In a moment of peace, I was hovering in the kitchen listening to Christmas music while the wife made pumpkin pie from scratch.

I can take a picture (and in fact I did), but a larger part of the appeal of pumpkin pie is the fragrance of pumpkin, cinnamon and ground ginger all mixed in together.

The sound of Christmas music, the smell of pumpkin pie being made…for a moment, it almost felt like Christmas was on the way.

All that was missing were loved ones who have gone on, and snow.

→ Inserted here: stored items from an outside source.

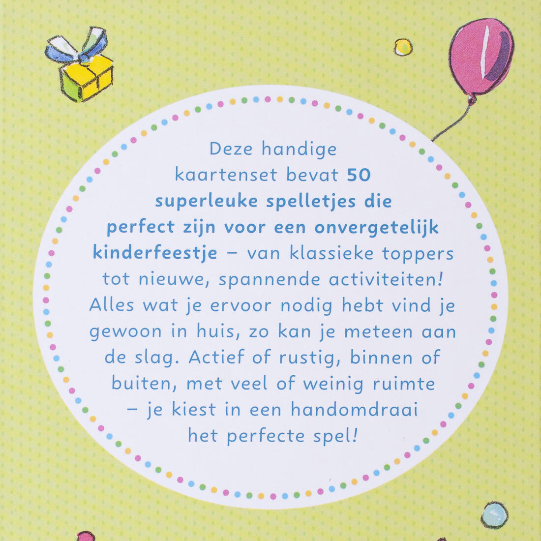 Deze handige kaartenset bevat een verscheidenheid aan spelletjes die perfect zijn voor een zorgeloos kinderfeestje. Van klassieke toppers tot nieuwe, spannende activiteiten. Alles wat je ervoor nodig hebt, vind je gewoon in huis, zo kun je meteen aan de slag. Actief of rustig, binnen of buiten, met veel of weinig ruimte, je kiest in een handomdraai het perfecte spel!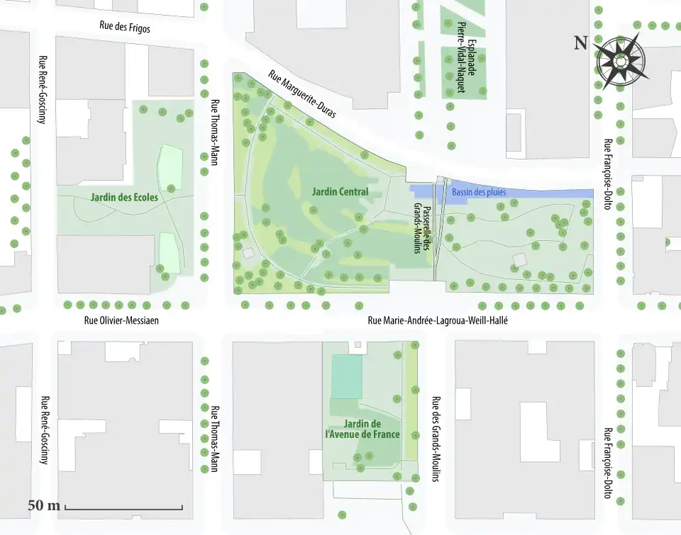D'une superficie de plus de 12 000 m2, l'ensemble comprend trois espaces différents : le « jardin de l'Avenue-de-France », le « jardin Central » et le « jardin des Écoles ».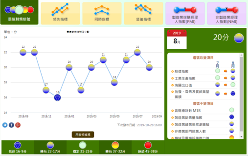 根據經濟部統計,今年8月台灣外銷接單金額是400.5億美元,年減8.3%,已是連續10個月衰退,令人擔憂。國內經濟情勢,未如政府預期的樂觀。即使有台商回流的利多,短期對經濟的幫助也不大。 ##貨幣政...

The moment was therefore transitory, as brief as a snow cone under the unparalleled African sun.

The author, Habakkuk itemises a list of things that have gone wrong:

“Though the fig tree does not bud
and there are no grapes on the vines,
though the olive crop fails
and the fields produce no food,
though there are no sheep in the pen
and no cattle in the stalls,”

I look at that list and I think: debt. Most of us don’t have a reserve of resources, or a plan B. If those things don’t work out, if the fig tree doesn’t bud, if the olive crop fails, we’re in a hole for some green. Habakkuk writes that ‘though’ all these things are facts, yet he will rejoice in the Lord his saviour.

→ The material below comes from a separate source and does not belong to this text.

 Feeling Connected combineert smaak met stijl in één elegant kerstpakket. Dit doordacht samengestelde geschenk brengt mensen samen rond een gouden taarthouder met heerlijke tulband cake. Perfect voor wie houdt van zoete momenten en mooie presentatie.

Christmas approaches and the infamous reply of Hillary R. Clinton before the House Select Committee on Benghazi comes to mind:

“What difference at this point does it [Christmas] make?”

She wasn’t referring to Christmas of course. But the way she asked her rhetorical question, it could just as well be about Christmas.

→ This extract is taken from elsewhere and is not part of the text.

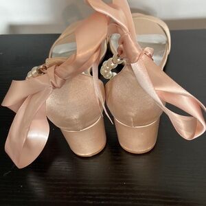 Women’s Champagne open toe 2 1/2” heel, silk, pearls stones SZ10/41 NWOT

In the light of my thinking ‘what is the point of doing Christmas?’, I was thinking about the Aaronic priestly blessing, a benediction I think is awesome:

The mythical Santa has his list of naughty and nice, but Christmas really evokes itemization for me: businesses in the red or in the black, items on sale. Presents or no presents? Who brings the chicken? Who brings the gammon? At whose house do we gather? In a year like this, what level of lockdown are they going to impose on us?

The Lord gives, and as Job reminds us, he also takes away.

I read the benediction in the light of the things God gives to his children and then takes away, like loved ones, or time spent, or any list of things that we have lost in the last year.

He has given so many things and taken many things away. But He has never removed Himself.

The LORD gives himself to his people. His blessing, and his power to keep us (we can’t sabotage ourselves out of his hands), His face looking on us, seeing us really, His grace, his countenance (seeing us not as we are in our sin, but in Christ), and his peace.

His peace, oh how we need his peace in the midst of a Christmas that has lost a lot of its shine.

He has given so many things and taken many things away. But He has never removed Himself.